_ENTRIES SHOWN_.
◆ ◆ ◆ ◆ ◆ ◆ ◆

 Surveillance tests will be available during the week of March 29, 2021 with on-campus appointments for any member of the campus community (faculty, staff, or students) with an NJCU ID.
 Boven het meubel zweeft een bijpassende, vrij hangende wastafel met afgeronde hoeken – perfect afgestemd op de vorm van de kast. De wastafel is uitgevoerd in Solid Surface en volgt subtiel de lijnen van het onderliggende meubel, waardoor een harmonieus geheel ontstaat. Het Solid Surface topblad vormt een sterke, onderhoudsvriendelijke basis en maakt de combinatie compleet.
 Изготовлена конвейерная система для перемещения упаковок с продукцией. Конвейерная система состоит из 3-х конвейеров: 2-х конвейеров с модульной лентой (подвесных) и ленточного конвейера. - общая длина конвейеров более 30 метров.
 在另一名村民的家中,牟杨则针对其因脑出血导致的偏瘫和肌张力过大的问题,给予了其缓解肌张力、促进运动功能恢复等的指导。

◆ ◆ ◆ ◆ ◆ ◆ ◆

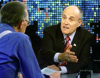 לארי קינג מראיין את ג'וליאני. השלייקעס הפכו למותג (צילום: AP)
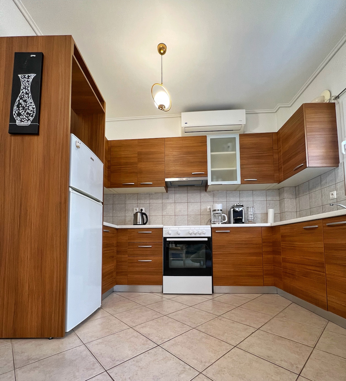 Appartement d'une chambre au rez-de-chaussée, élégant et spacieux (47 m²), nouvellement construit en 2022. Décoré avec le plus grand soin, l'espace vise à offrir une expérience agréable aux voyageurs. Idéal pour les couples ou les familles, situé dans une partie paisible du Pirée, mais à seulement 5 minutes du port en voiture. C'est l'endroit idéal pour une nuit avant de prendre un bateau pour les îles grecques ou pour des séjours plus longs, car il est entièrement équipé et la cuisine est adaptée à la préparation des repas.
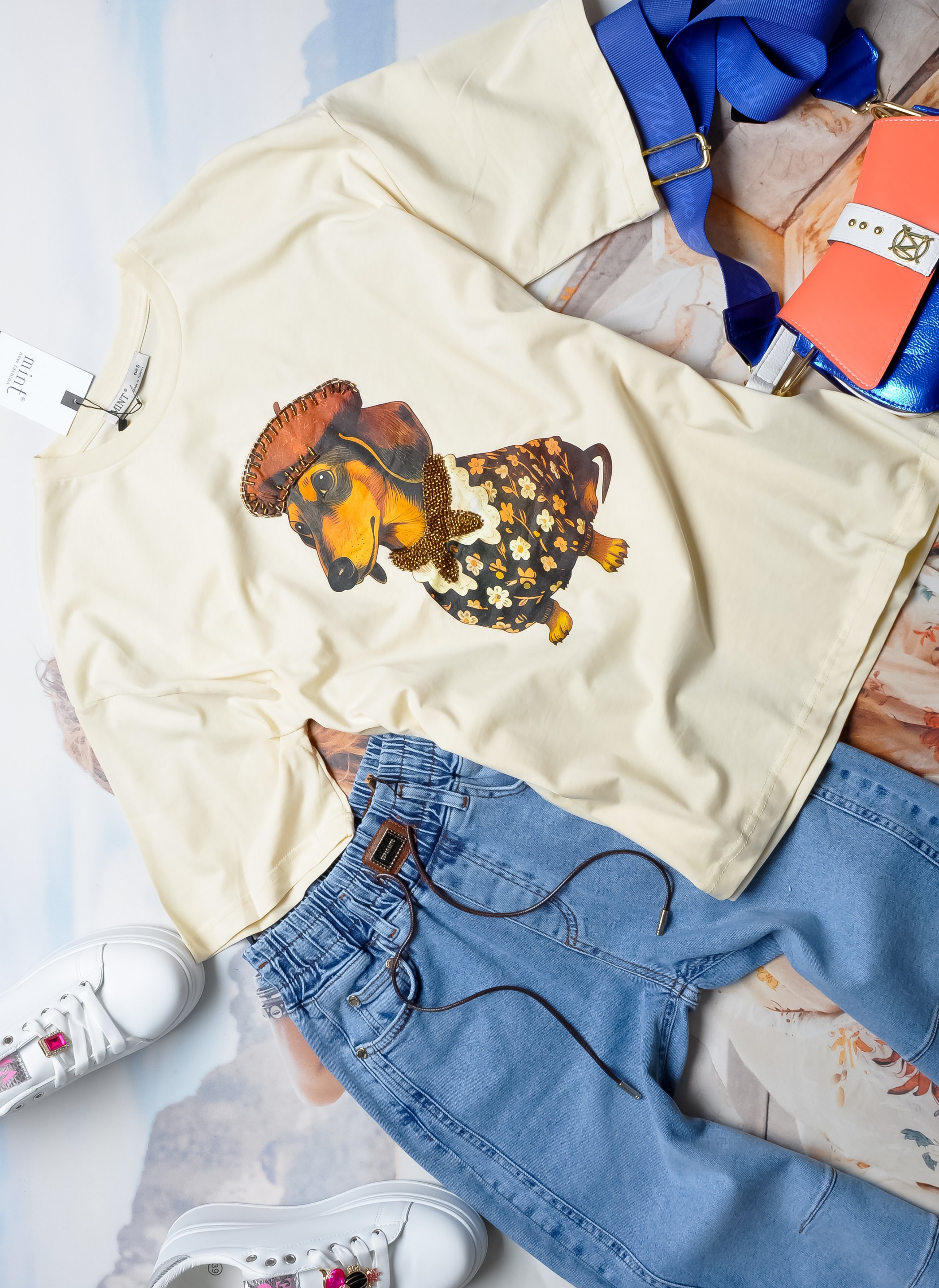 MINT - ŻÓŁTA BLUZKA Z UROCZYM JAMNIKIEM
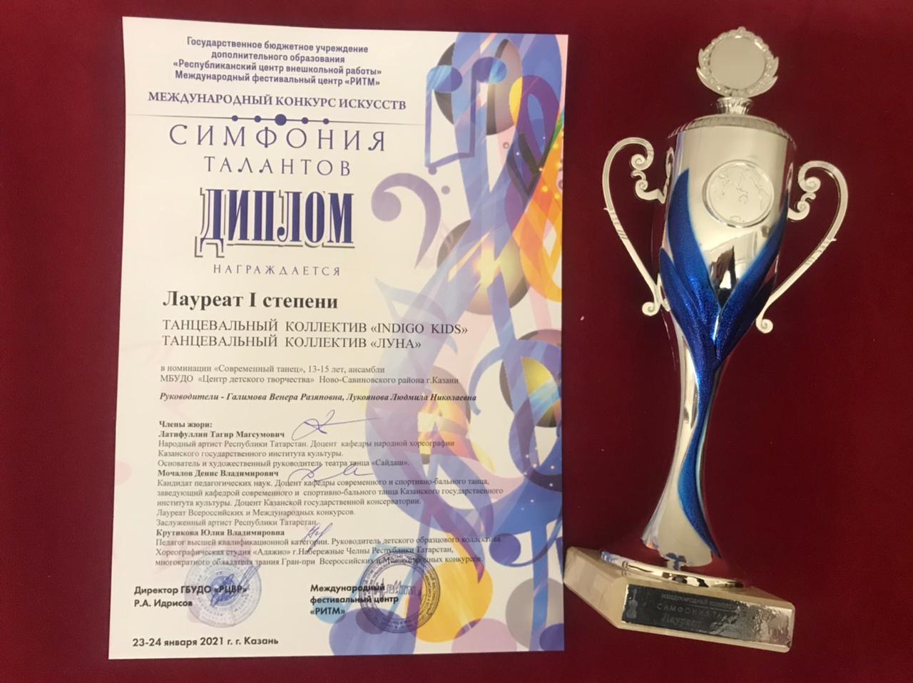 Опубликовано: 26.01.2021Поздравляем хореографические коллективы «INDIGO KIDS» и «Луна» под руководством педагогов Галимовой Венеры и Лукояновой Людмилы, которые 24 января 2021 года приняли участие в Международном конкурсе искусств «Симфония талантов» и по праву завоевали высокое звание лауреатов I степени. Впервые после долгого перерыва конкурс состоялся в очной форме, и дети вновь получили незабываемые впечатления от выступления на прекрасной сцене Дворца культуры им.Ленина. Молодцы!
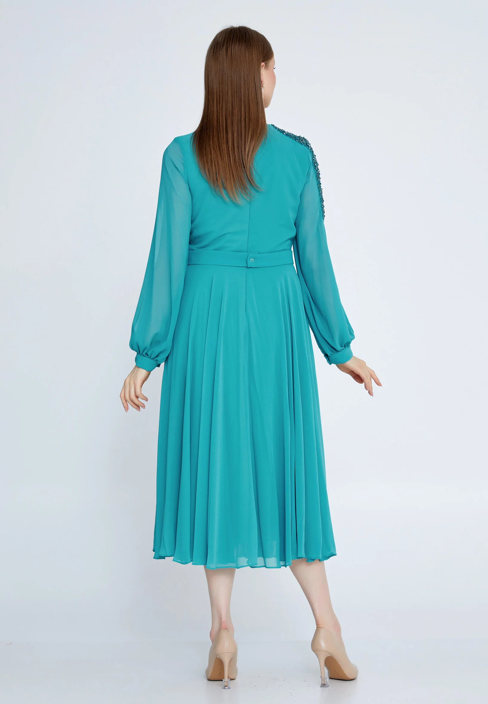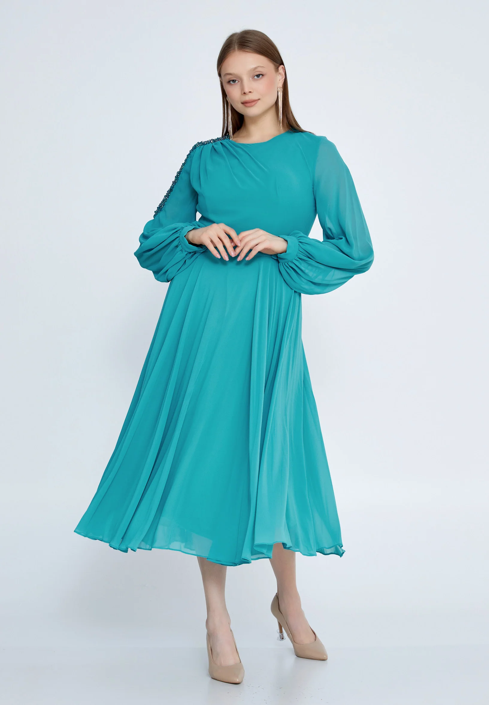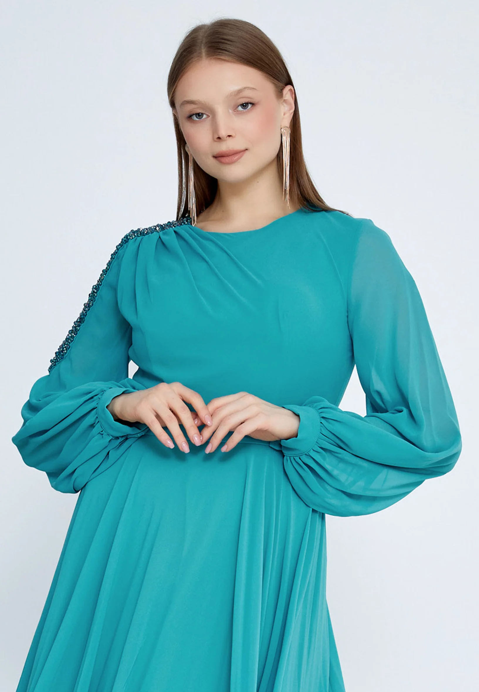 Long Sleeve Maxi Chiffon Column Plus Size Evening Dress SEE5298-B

◆ ◆ ◆ ◆ ◆ ◆ ◆

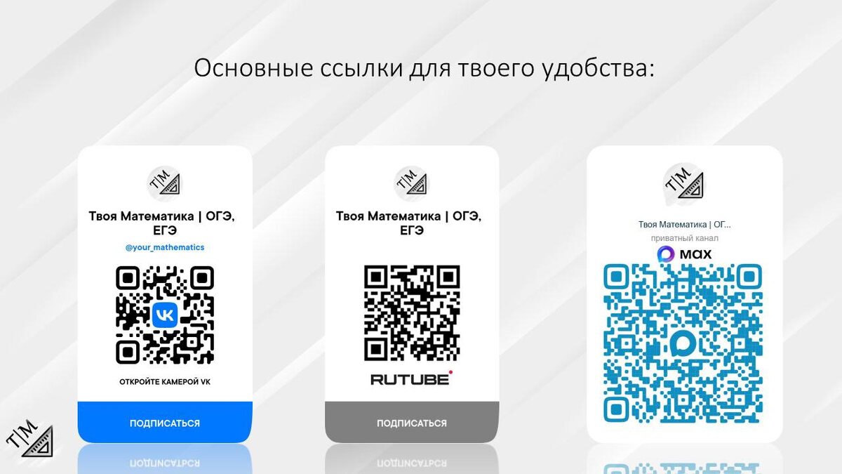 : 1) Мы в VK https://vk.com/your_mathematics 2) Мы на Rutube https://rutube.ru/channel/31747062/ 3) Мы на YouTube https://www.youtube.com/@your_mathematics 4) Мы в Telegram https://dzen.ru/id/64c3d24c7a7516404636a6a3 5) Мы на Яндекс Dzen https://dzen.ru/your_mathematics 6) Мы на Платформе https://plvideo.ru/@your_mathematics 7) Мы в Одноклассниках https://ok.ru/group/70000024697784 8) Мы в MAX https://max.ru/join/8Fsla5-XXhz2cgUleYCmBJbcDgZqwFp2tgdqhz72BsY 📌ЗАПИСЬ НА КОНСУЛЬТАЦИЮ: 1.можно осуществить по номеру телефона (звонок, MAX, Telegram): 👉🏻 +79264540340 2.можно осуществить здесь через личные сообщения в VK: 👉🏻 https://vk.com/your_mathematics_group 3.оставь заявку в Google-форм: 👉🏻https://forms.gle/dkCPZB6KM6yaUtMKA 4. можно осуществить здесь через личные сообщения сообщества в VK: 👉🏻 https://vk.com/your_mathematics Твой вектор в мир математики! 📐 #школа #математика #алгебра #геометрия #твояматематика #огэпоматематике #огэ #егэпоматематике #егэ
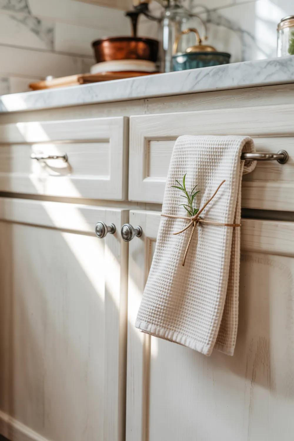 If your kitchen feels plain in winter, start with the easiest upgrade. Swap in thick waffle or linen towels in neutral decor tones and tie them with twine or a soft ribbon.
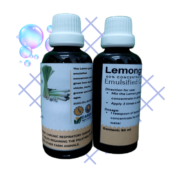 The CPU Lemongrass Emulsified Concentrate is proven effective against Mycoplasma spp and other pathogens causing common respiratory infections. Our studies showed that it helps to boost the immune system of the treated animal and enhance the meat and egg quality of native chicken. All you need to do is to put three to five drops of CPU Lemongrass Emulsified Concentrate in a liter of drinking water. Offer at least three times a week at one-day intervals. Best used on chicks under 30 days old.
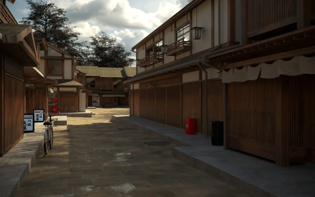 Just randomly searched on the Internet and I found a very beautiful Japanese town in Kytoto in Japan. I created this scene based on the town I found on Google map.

◆ ◆ ◆ ◆ ◆ ◆ ◆

_ACTION ITEM_. What's needed is an exact copy of the records above from the line containing "Опубликовано: 26.01.2021Поздравляем хореографические" down to the line containing "Long Sleeve Maxi", both included, without any pictures.

_EXPECTED ANSWER_.
 Опубликовано: 26.01.2021Поздравляем хореографические коллективы «INDIGO KIDS» и «Луна» под руководством педагогов Галимовой Венеры и Лукояновой Людмилы, которые 24 января 2021 года приняли участие в Международном конкурсе искусств «Симфония талантов» и по праву завоевали высокое звание лауреатов I степени. Впервые после долгого перерыва конкурс состоялся в очной форме, и дети вновь получили незабываемые впечатления от выступления на прекрасной сцене Дворца культуры им.Ленина. Молодцы!
 Long Sleeve Maxi Chiffon Column Plus Size Evening Dress SEE5298-B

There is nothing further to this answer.